A managed Spark service lets you take advantage of open source data tools for batch processing, querying, streaming, and machine learning. By using such an automation you will be able to quickly create clusters on -demand, manage them with ease and turn them off when the task is complete. Users can also size clusters according to the workload, performance requirements or based on the existing resources. Furthermore, you will be granted access to fully managed Spark clusters that you can dynamically scale up and down in just a few seconds. and this can be done even while jobs are processing. In addition, users will be able to turn off clusters when they no longer need them, hence saving money. Managed Spark providers create temporal clusters instead of making provisions and retaining a cluster for all your jobs. Typically they use a cluster of machines with a master node and workers. Organizations can concentrate on extracting value out of their data instead of spending their valuable resources on operations.
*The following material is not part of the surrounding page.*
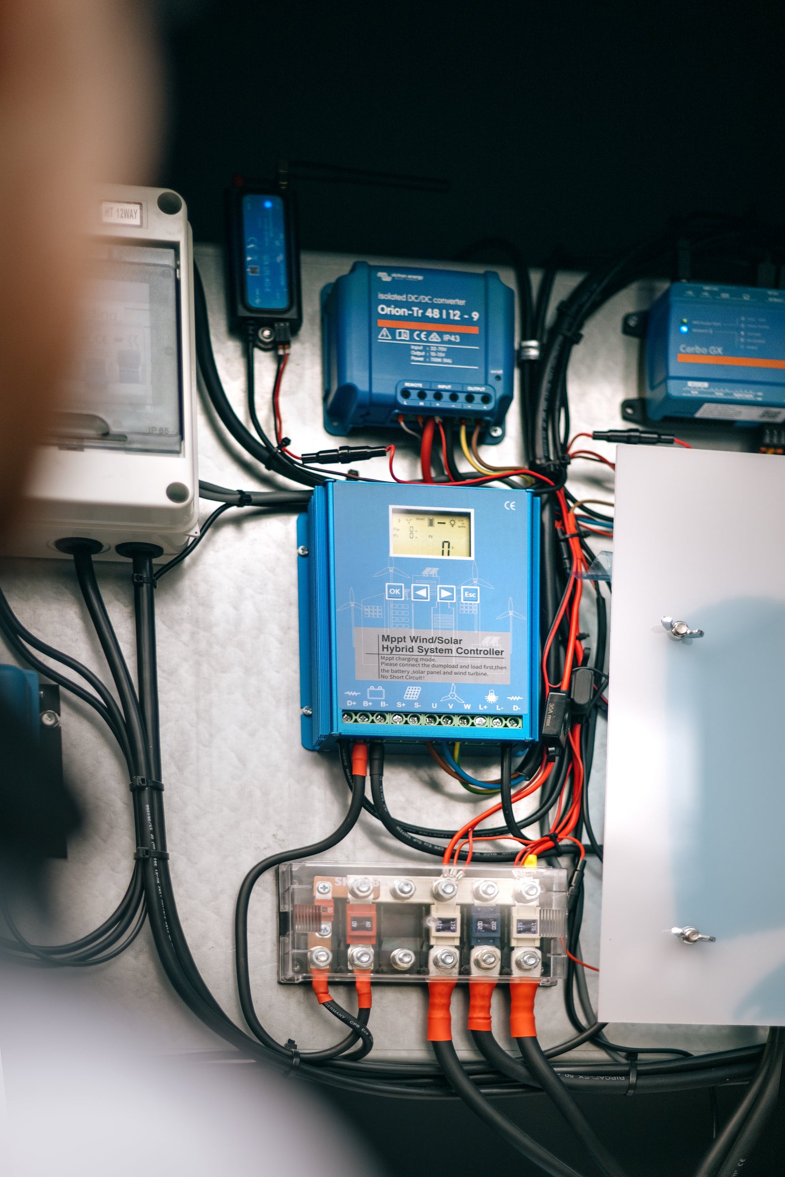 Technical components from Victron. Includes 4G antenna to connect phone and power station together.

Managed deployment, logging, and monitoring according to the needs of your particular job let you focus on your data, instead of focusing on the cluster. Your clusters will be stable, scalable, and fast..
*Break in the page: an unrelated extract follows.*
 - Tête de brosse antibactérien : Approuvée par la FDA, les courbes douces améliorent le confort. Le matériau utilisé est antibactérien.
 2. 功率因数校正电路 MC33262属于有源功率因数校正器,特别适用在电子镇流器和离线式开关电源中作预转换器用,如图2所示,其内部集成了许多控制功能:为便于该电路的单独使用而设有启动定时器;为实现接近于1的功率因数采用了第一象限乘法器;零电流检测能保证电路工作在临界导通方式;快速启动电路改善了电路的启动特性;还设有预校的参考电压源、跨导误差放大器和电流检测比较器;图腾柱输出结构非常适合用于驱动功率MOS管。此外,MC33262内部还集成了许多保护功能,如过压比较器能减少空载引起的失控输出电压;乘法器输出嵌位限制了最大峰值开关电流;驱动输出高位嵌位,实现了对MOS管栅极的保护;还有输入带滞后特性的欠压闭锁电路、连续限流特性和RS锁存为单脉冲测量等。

Building and configuring Spark clusters is resource-intensive, however this is no longer of your concer as clusters can be created and scaled quickly. nodes are wind down when they're no longer needed. Everything is done on an as-needed basis
Usually there are provided multiple ways to manage a cluster.
Hardware and software on clusters is automatically configured for you while also allowing for manual control.
You will no longer have to stress out on managing the cluster or resource allocation and make any prioritisation through tools such as YARN resource manager.
Users only pay for the compute resources that are consumed during the process.